- Born: April 15, 1941 (age 85) João Pessoa, Paraíba, Brazil
- Occupations: Novelist, poet, and songwriter
- Writing career
- Language: Portuguese

= Luiz Peixoto Ramos =

Luiz Peixoto Ramos (João Pessoa, April 15, 1941) is a Brazilian writer and songwriter, best known for the character "Jabutigão."

== Biography ==
In 1961, he spent some time in Belém and then returned to Paraíba. In 1964, he released his first record, a single that included the songs Abraço Eterno (bolero) and Porque existe saudade (twist).

In 1987, he received an honorable mention for the poem Sou at the floral games of the "Poets of the Lusophone World" in Massachusetts, United States. That same year, he published his first book, Levitando na poesia, at the Academia Paraense de Letras (APL). In 1992, he published his third book, Êxtase, at the APL.

In 1995, he released his second album, Delírio, featuring popular songs, at the art center of the Federal University of Pará (UFPA) in São Paulo.

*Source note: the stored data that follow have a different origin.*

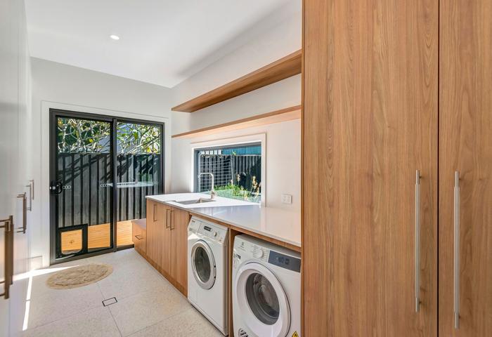 - An abundance of storage with an entire length of the garage fitted out with storage cupboards and 5 floor-to-ceiling cupboards in the laundry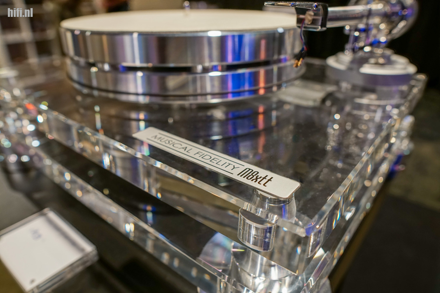 Over Transrotor gesproken: bij de kamer van Monitor Audio Nederland het publiek (en wij) een boeiende uitleg over de opbouw van de meegebrachte Strato Nero met externe Konstant FMD-voeding. Indrukwekkend hoe er drie motoren en riemen worden ingezet om de massieve draaischijf op constante snelheid te houden. En dan die olielagering nog, wat de frictie bij het draaien vermindert.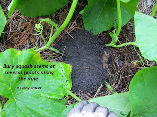 | Bury the base of the squash stems with compost and mulch with pine needles to keep squash borer moths away. | Then bury the vine at several additional places along its length. |
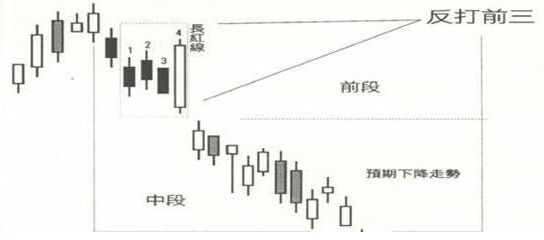 什么是初跌反打?它其實(shí)指的是:在下跌波的前段中,出現(xiàn)了一根長(zhǎng)紅線,可以包含之前的三只K線,這基本上就是多頭逃命的機(jī)會(huì),所以有人把它稱之為了救命稻草。如下圖所示。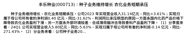 值得注意的是:2024年05月国信证券的鲁家瑞/李瑞楠分析师,首次发布关于丰乐种业的研究报告,标题为:丰乐种业(000713):种子业务维持增长 农化业务短期承压。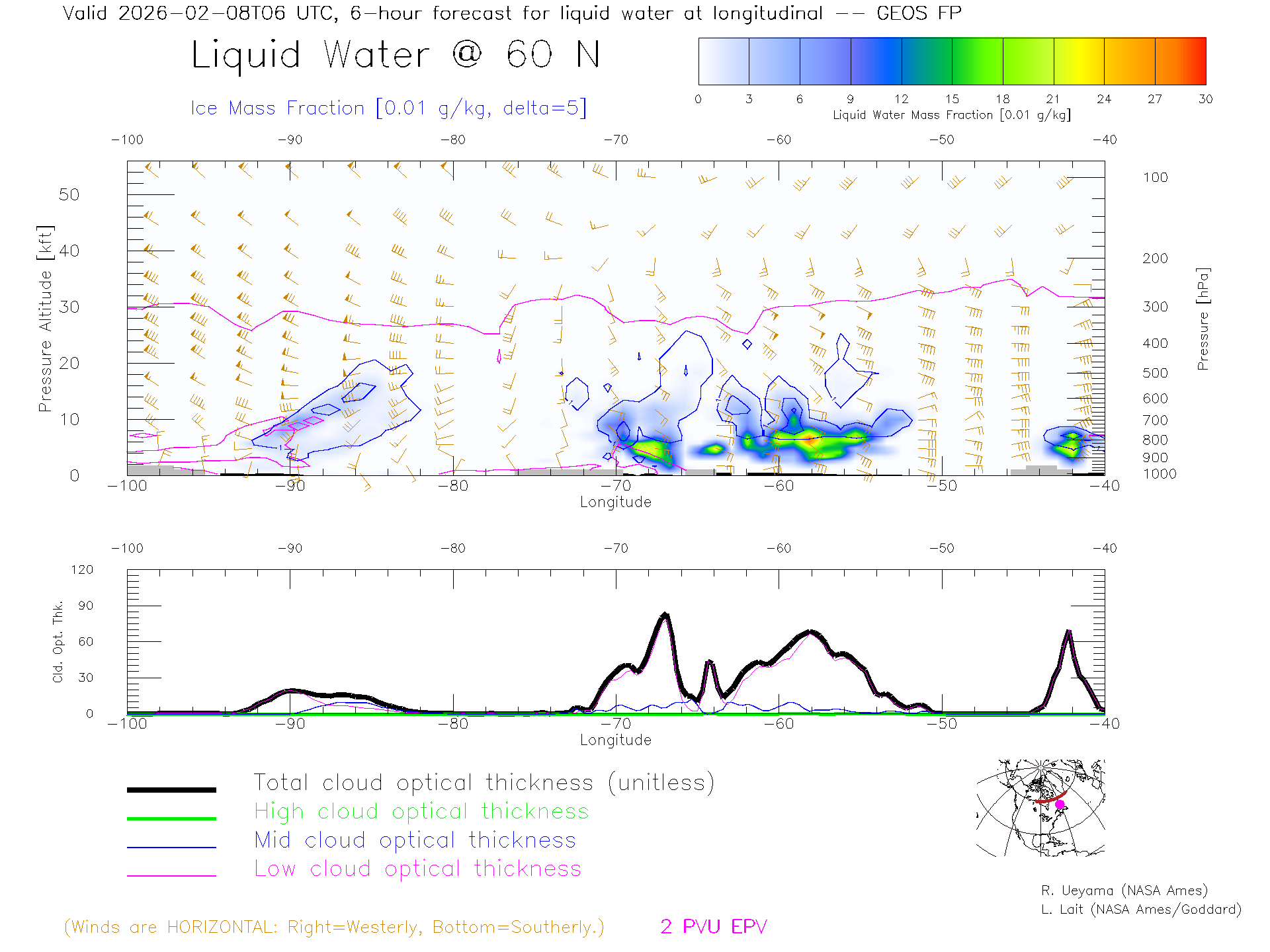 GEOS Forecast Cloud Water Content X-Section (60 N)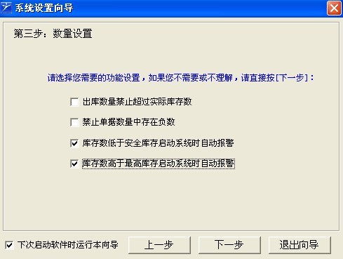 4、接下来对数量进行设置,包括对出库数量禁止超过实际库存数、禁止单据数量中存在负数、库存数低于安全库存启动系统时自动报警、库存数高于最高库存启动系统时自动报警、在入库出库单据中显示库存数量以备参考等。

In 1997, he launched his fourth book, Reflexos do dia-a-dia, at the Academia Paraense de Letras. That same year, he participated in the book Introdução à literatura no Pará, the seventh volume of the APL. In 1998, he released the second edition of Reflexos do dia-a-dia at the APL.

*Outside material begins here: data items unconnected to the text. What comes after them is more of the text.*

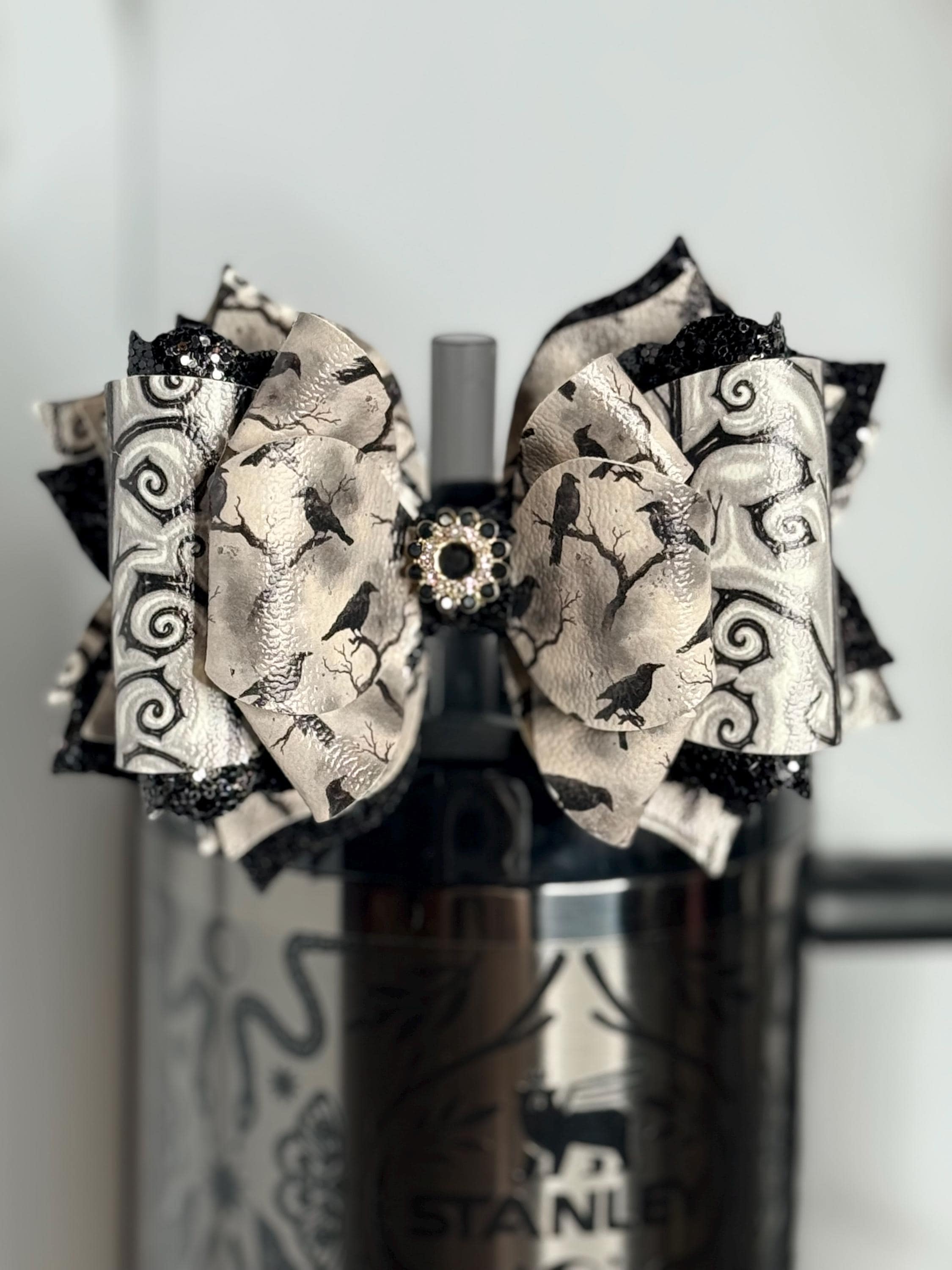 🎃 Add spooky charm to your tumbler with this 4.5” bow featuring ravens and eerie trees — the perfect Halloween cup accessory, gothic gift, or ready-to-ship party accent! 🖤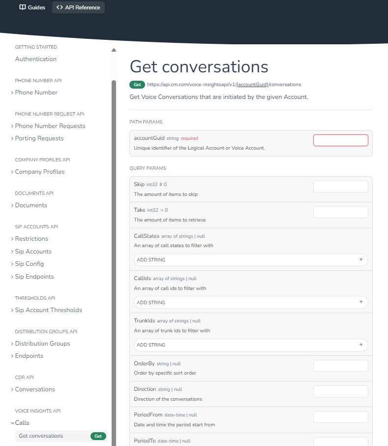 You can find the documentation on developers.cm.com under Voice, API Reference, and then Voice Insights API. You can also use the direct link: Get conversations (cm.com)
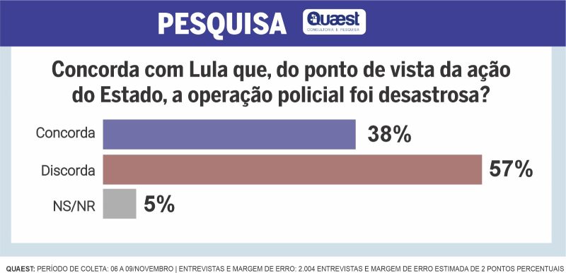 Sobre outra declaração de Lula, que também chamou a megaoperação de “desastrosa”, a maioria de 57% dos brasileiros discorda. Uma minoria de 38% concorda, enquanto 5% não souberam responder.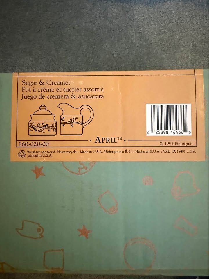 Pfaltzgraff April sugar and creamer set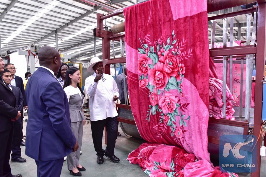 Ugandan President Yoweri Museveni visits a Chinese factory in Mukono, Uganda, March 9, 2019. Ugandan President Yoweri Museveni toured four Chinese factories in the central Ugandan district of Mukono, promising to lower the cost of production in a bid to benefit those doing business in this east African country. (Xinhua)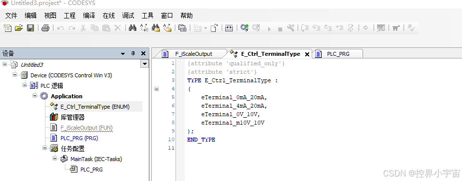 注:E_Ctrl_TerminalType为枚举类型,需提前自定义,包含模拟量类型(0~20mA、4~20mA、0~10V、-10~10V),代码如下: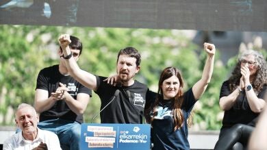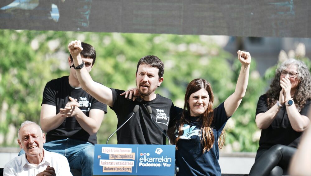 El ex secretario general de Podemos Pablo Iglesias y la candidata de Elkarrekin Podemos, Miren Gorrotxategi | H.Bilbao / Europa Press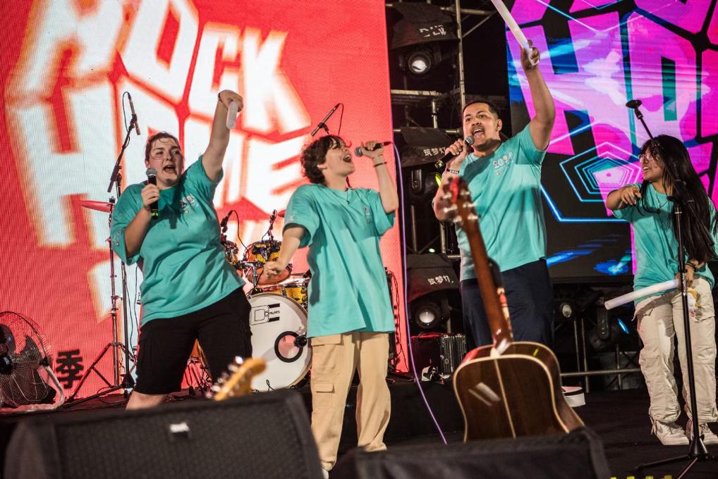 音乐是没有语言障碍的文化桥梁。当主唱开嗓唱出中文歌,台下的美国青少年都伴着音乐的节奏挥舞着手中的荧光棒,音乐声、呐喊声、欢呼声交织在一起,火热的气氛感染着在场的每一位观众。

In November 1999, during the III Pan-Amazon Fair, he launched the book Um conto de fadas amazônico. It was classified in the VII short story contest of the Northern region as one of the storytellers of the Amazon, with the story O Segredo, promoted by the art center of the University of Pará. In 2000, he reedited Um conto de fadas amazônico.